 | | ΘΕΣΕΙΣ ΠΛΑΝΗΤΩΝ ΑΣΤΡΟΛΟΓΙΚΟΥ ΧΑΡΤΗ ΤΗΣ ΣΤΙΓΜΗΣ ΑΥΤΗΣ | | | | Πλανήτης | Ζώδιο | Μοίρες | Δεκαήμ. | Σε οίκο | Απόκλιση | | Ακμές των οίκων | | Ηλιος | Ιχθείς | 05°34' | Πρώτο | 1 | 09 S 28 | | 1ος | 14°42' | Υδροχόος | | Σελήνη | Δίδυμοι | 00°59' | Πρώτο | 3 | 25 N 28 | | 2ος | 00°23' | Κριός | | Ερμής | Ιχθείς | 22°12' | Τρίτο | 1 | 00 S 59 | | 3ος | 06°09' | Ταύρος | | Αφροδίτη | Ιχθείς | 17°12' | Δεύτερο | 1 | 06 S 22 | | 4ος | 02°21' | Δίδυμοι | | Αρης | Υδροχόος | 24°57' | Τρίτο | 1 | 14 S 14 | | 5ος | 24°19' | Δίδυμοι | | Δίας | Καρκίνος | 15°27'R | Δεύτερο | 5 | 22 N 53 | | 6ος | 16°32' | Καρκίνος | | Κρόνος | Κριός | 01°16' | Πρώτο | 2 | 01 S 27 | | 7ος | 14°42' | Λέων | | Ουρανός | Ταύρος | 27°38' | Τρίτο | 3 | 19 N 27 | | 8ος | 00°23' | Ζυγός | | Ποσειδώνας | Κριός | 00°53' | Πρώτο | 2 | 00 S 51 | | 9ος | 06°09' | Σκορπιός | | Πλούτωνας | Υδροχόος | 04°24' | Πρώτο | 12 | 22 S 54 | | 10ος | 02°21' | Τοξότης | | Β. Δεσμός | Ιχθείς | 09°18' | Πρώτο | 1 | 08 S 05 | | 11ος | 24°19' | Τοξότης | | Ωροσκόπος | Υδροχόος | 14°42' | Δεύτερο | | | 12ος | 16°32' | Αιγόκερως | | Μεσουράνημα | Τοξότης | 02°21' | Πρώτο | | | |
---
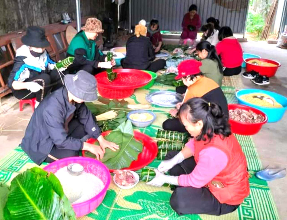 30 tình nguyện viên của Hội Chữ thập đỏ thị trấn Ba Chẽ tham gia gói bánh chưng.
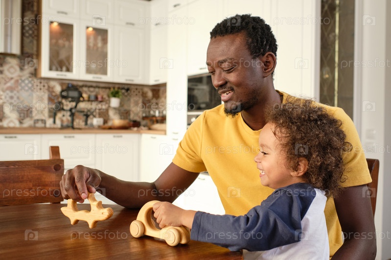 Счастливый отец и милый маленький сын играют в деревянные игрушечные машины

• _TASK DESCRIPTION_:
Would you copy out, exactly and with no pictures, only the lines above from the one that contains "30 tình nguyện" through the one that contains "Счастливый отец и"?

• _YOUR RESPONSE_:
 30 tình nguyện viên của Hội Chữ thập đỏ thị trấn Ba Chẽ tham gia gói bánh chưng.
 Счастливый отец и милый маленький сын играют в деревянные игрушечные машины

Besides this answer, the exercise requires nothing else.